> The task: Leave out the pictures, and retype the remaining data exactly.

● ● ● ●

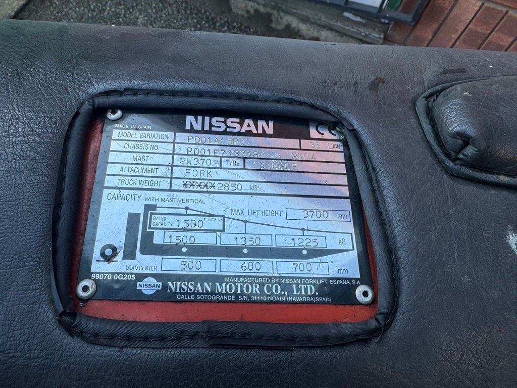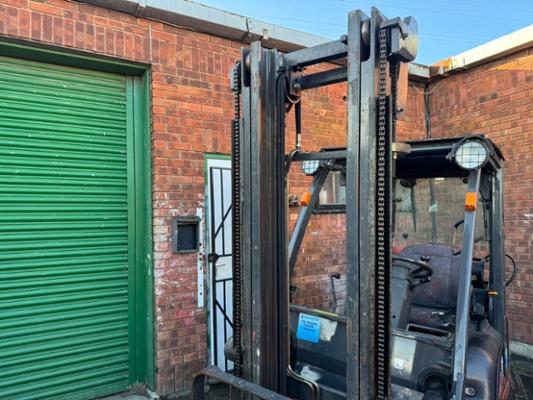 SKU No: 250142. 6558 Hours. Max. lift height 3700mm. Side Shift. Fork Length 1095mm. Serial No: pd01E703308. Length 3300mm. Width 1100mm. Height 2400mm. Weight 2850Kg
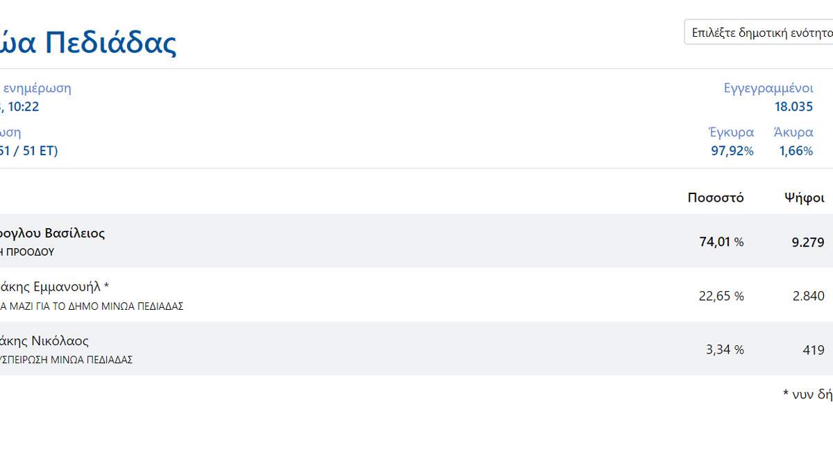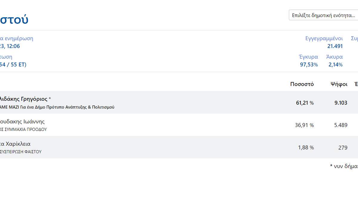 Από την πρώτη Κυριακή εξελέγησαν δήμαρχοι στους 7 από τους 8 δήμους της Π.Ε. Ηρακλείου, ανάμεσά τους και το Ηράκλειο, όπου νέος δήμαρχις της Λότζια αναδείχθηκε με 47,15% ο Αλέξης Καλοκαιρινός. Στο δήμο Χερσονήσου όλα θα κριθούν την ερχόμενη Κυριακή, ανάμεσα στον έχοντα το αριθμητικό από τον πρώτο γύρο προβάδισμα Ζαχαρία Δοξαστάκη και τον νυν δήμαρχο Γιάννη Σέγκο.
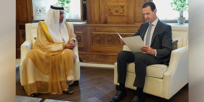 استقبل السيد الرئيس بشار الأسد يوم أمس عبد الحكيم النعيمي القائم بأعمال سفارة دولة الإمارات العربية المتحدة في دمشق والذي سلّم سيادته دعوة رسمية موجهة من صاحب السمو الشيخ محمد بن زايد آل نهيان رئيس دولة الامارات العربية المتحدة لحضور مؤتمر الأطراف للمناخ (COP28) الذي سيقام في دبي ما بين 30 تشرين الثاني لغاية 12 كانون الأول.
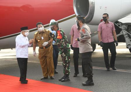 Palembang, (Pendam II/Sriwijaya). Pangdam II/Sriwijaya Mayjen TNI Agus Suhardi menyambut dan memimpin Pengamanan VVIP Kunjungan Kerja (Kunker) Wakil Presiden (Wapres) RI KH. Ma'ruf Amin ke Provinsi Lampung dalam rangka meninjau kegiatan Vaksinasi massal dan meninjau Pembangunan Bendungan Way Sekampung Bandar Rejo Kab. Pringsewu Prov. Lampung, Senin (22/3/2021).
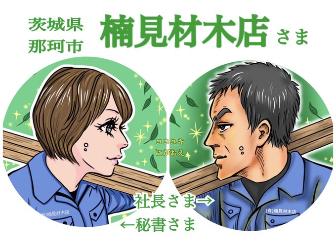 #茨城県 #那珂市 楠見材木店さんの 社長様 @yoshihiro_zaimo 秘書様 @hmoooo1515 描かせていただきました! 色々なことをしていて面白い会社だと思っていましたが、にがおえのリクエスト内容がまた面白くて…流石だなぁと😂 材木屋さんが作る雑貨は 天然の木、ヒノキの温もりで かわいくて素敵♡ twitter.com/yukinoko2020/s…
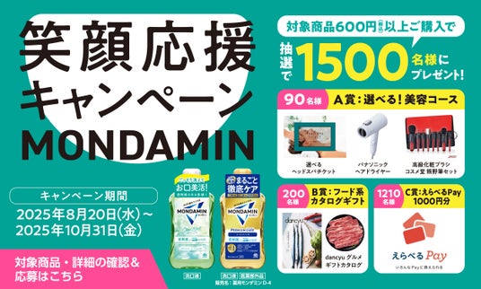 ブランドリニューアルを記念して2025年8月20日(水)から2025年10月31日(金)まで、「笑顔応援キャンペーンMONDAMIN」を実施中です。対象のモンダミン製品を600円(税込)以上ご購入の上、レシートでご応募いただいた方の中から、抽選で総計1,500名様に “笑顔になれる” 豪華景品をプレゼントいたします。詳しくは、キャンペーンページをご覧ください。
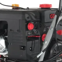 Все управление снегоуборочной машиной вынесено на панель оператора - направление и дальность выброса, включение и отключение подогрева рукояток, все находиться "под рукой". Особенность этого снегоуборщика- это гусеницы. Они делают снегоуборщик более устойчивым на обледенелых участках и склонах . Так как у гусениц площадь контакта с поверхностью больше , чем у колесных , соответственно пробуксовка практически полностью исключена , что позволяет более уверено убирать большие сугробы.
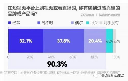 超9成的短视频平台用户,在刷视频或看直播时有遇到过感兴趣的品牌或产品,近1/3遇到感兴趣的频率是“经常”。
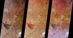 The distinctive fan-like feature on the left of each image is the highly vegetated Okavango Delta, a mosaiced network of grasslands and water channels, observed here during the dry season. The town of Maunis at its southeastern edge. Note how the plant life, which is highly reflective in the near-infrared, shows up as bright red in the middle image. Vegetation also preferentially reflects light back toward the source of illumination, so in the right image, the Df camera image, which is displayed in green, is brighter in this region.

● ● ● ●

> Answer area:
 SKU No: 250142. 6558 Hours. Max. lift height 3700mm. Side Shift. Fork Length 1095mm. Serial No: pd01E703308. Length 3300mm. Width 1100mm. Height 2400mm. Weight 2850Kg
 Από την πρώτη Κυριακή εξελέγησαν δήμαρχοι στους 7 από τους 8 δήμους της Π.Ε. Ηρακλείου, ανάμεσά τους και το Ηράκλειο, όπου νέος δήμαρχις της Λότζια αναδείχθηκε με 47,15% ο Αλέξης Καλοκαιρινός. Στο δήμο Χερσονήσου όλα θα κριθούν την ερχόμενη Κυριακή, ανάμεσα στον έχοντα το αριθμητικό από τον πρώτο γύρο προβάδισμα Ζαχαρία Δοξαστάκη και τον νυν δήμαρχο Γιάννη Σέγκο.
 استقبل السيد الرئيس بشار الأسد يوم أمس عبد الحكيم النعيمي القائم بأعمال سفارة دولة الإمارات العربية المتحدة في دمشق والذي سلّم سيادته دعوة رسمية موجهة من صاحب السمو الشيخ محمد بن زايد آل نهيان رئيس دولة الامارات العربية المتحدة لحضور مؤتمر الأطراف للمناخ (COP28) الذي سيقام في دبي ما بين 30 تشرين الثاني لغاية 12 كانون الأول.
 Palembang, (Pendam II/Sriwijaya). Pangdam II/Sriwijaya Mayjen TNI Agus Suhardi menyambut dan memimpin Pengamanan VVIP Kunjungan Kerja (Kunker) Wakil Presiden (Wapres) RI KH. Ma'ruf Amin ke Provinsi Lampung dalam rangka meninjau kegiatan Vaksinasi massal dan meninjau Pembangunan Bendungan Way Sekampung Bandar Rejo Kab. Pringsewu Prov. Lampung, Senin (22/3/2021).
 #茨城県 #那珂市 楠見材木店さんの 社長様 @yoshihiro_zaimo 秘書様 @hmoooo1515 描かせていただきました! 色々なことをしていて面白い会社だと思っていましたが、にがおえのリクエスト内容がまた面白くて…流石だなぁと😂 材木屋さんが作る雑貨は 天然の木、ヒノキの温もりで かわいくて素敵♡ twitter.com/yukinoko2020/s…
 ブランドリニューアルを記念して2025年8月20日(水)から2025年10月31日(金)まで、「笑顔応援キャンペーンMONDAMIN」を実施中です。対象のモンダミン製品を600円(税込)以上ご購入の上、レシートでご応募いただいた方の中から、抽選で総計1,500名様に “笑顔になれる” 豪華景品をプレゼントいたします。詳しくは、キャンペーンページをご覧ください。
 Все управление снегоуборочной машиной вынесено на панель оператора - направление и дальность выброса, включение и отключение подогрева рукояток, все находиться "под рукой". Особенность этого снегоуборщика- это гусеницы. Они делают снегоуборщик более устойчивым на обледенелых участках и склонах . Так как у гусениц площадь контакта с поверхностью больше , чем у колесных , соответственно пробуксовка практически полностью исключена , что позволяет более уверено убирать большие сугробы.
 超9成的短视频平台用户,在刷视频或看直播时有遇到过感兴趣的品牌或产品,近1/3遇到感兴趣的频率是“经常”。
 The distinctive fan-like feature on the left of each image is the highly vegetated Okavango Delta, a mosaiced network of grasslands and water channels, observed here during the dry season. The town of Maunis at its southeastern edge. Note how the plant life, which is highly reflective in the near-infrared, shows up as bright red in the middle image. Vegetation also preferentially reflects light back toward the source of illumination, so in the right image, the Df camera image, which is displayed in green, is brighter in this region.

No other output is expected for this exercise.